╭─ Material shown
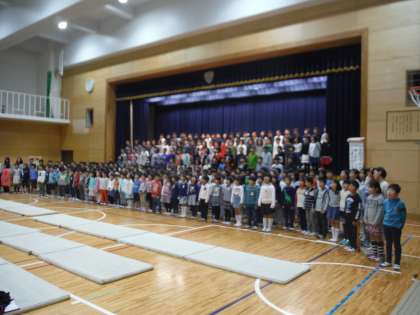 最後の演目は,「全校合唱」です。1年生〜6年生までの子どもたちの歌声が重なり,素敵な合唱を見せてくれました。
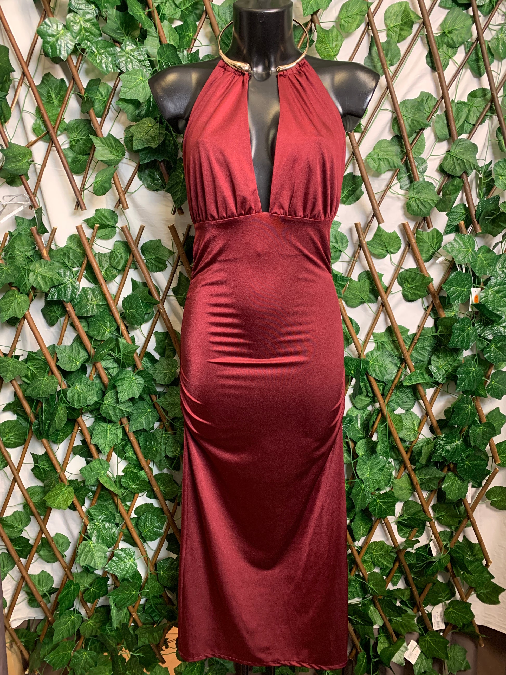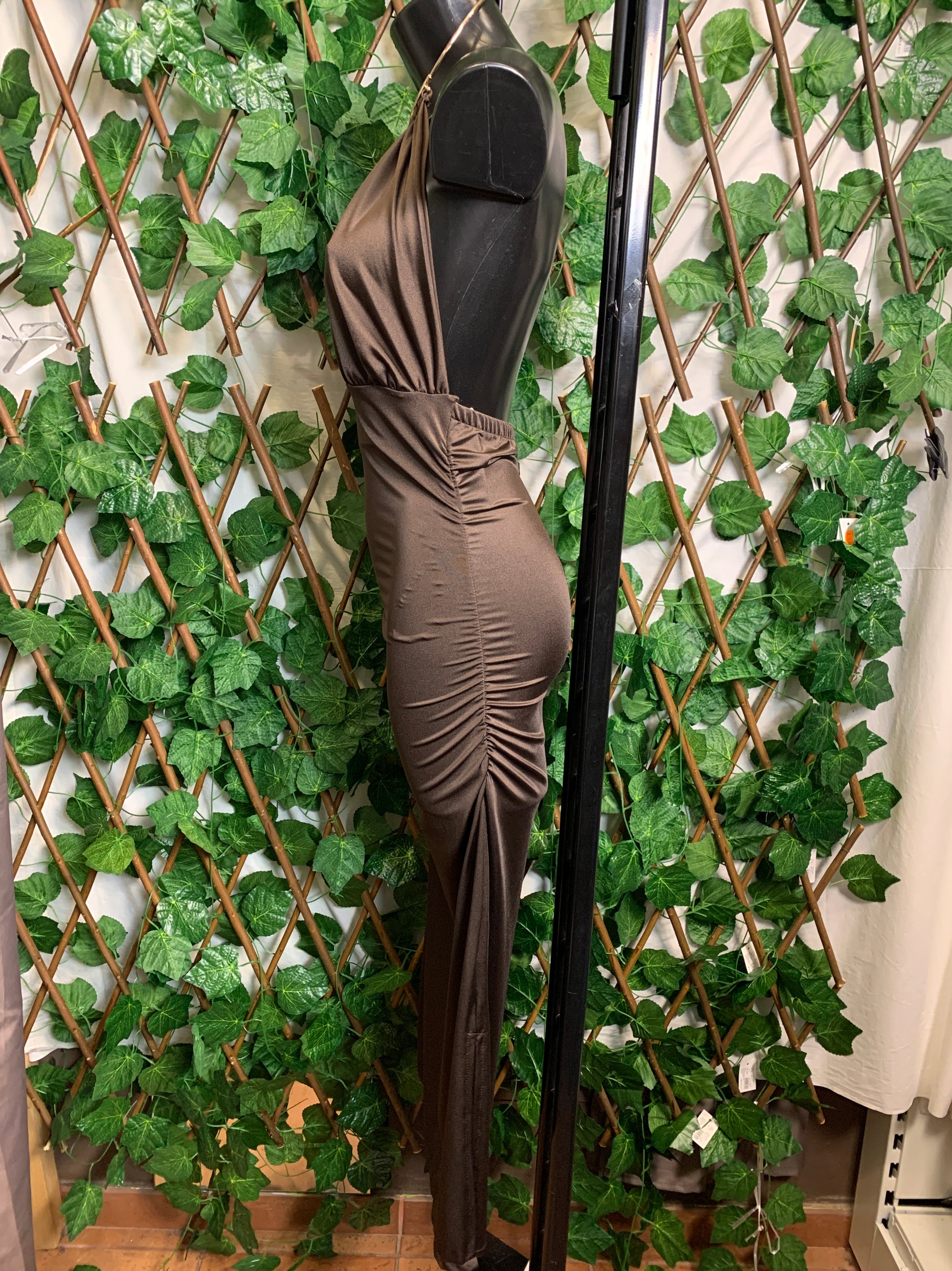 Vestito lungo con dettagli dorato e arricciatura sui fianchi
╰─
╭─ Material shown
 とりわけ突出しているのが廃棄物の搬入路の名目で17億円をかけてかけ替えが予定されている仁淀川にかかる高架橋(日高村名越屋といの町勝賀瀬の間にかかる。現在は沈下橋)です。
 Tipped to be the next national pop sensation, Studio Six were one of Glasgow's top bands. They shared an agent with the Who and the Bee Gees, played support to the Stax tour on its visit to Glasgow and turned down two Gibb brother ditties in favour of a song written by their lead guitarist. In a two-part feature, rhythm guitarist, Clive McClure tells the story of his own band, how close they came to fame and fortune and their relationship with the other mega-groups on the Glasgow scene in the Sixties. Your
╰─
╭─ Material shown
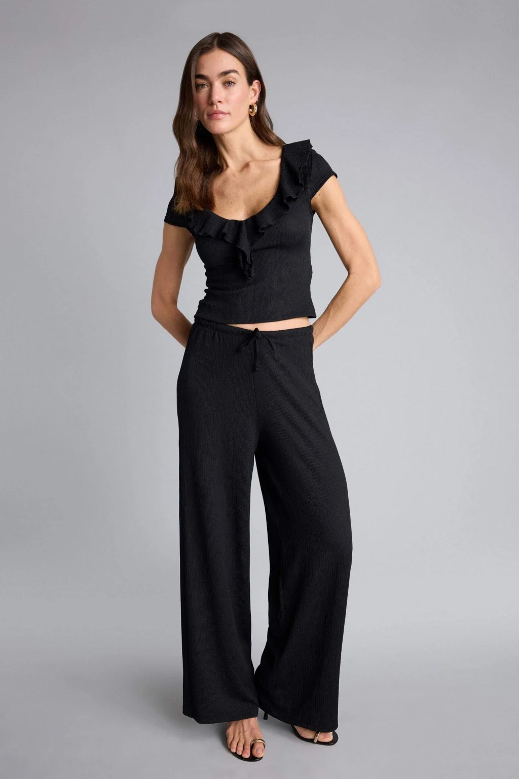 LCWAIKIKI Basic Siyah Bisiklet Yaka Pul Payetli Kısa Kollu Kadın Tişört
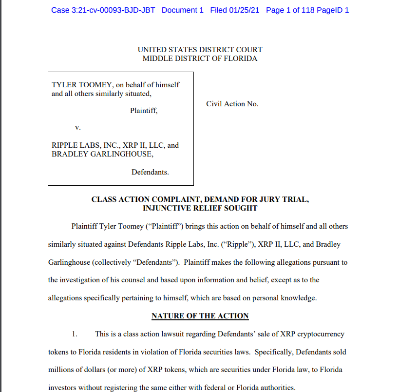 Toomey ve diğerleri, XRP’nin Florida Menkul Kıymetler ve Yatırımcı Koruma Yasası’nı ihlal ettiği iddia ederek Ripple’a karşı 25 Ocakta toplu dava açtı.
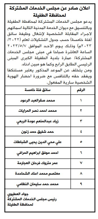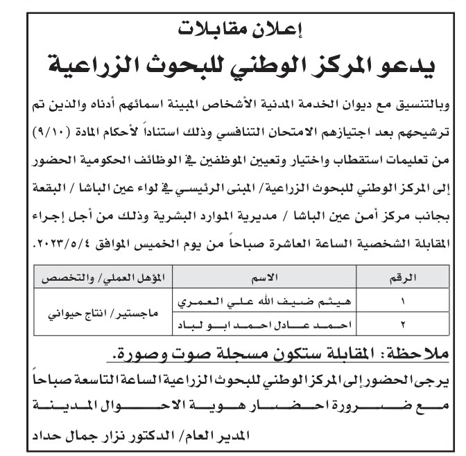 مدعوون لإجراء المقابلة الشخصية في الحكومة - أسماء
╰─
- **About this exercise**:
Print the part of the listing above that opens with the line containing "LCWAIKIKI Basic Siyah" and closes with the line containing "مدعوون لإجراء المقابلة". Copy it exactly, both ends included, and omit the pictures.

- **Result below**:
 LCWAIKIKI Basic Siyah Bisiklet Yaka Pul Payetli Kısa Kollu Kadın Tişört
 Toomey ve diğerleri, XRP’nin Florida Menkul Kıymetler ve Yatırımcı Koruma Yasası’nı ihlal ettiği iddia ederek Ripple’a karşı 25 Ocakta toplu dava açtı.
 مدعوون لإجراء المقابلة الشخصية في الحكومة - أسماء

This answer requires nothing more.